Потому что он добрее к окружающим?

Я задираю подбородок вверх и пошире открываю глаза.

– Соринка. Всё норм. Так… насчёт Вероники Игоревны?

– Прости?

– Вероника Игоревна, скиты?.. Тут батальон китайцев заблудиться может, никто их не найдёт.

– А-а… – Валентин скребёт щеку и с трудом отводит взгляд от бурого пятна. – Не знаю. Полиция была бы в курсе. Деда они точно спрашивали. Да свалила она. От рептилии твоей. Ты бы не свалил?

Я морщусь.

– Диана – не «рептилия».

– А её осьминоги?

– Осьминоги – головоногие моллюски. С рептилиями у них общего ноль.

– То есть, называть её головоногим моллюском?

– Валь!..

– Валю мутит. В особенности от разговоров про этих двух…

Он с трудом не заканчивает фразу.

– Не надо было вчера столько бухать, – с укоризной говорю я.

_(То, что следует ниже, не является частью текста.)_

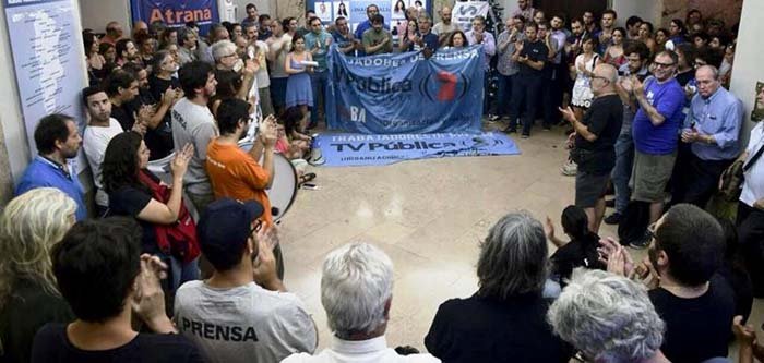 Los tres medios públicos se encuentran en asamblea permanente y con medidas de fuerza. Por primera vez en la historia, los trabajadores del sistema de medios públicos realizaron la semana pasada una asamblea conjunta, que contó con casi 400 trabajadores y constituyó una respuesta unitaria en defensa de la integridad de los espacios bajo la esfera del Estado.

– Если бы кто-то отвечал на звонки, а кто-то другой не смотрел свои баттлы, а кто-то третий не засела с уроками… то кто-то, м-м… четвёртый мог бы придумать и более интересное занятие.

В голове товарным составом проносятся воспоминания: вечер, клубы пара, Диана.

Я отворачиваюсь, точно физическим действием сбегу от этих образов. Кроме нас, на площадке разговаривают отец Николай и Леонидас. Они странно похожи и различны: борода Леонидаса коротко острижена и вылизана до блеска, борода отца Николая взлохмачена и подметает внушительный живот. Жесты Леонидаса резки, черты напряжены. Дед Валентина двигается мягко и часто замолкает, чтобы перевести дух. Нездорово-бледное лицо осунулось, исказилось словно от боли.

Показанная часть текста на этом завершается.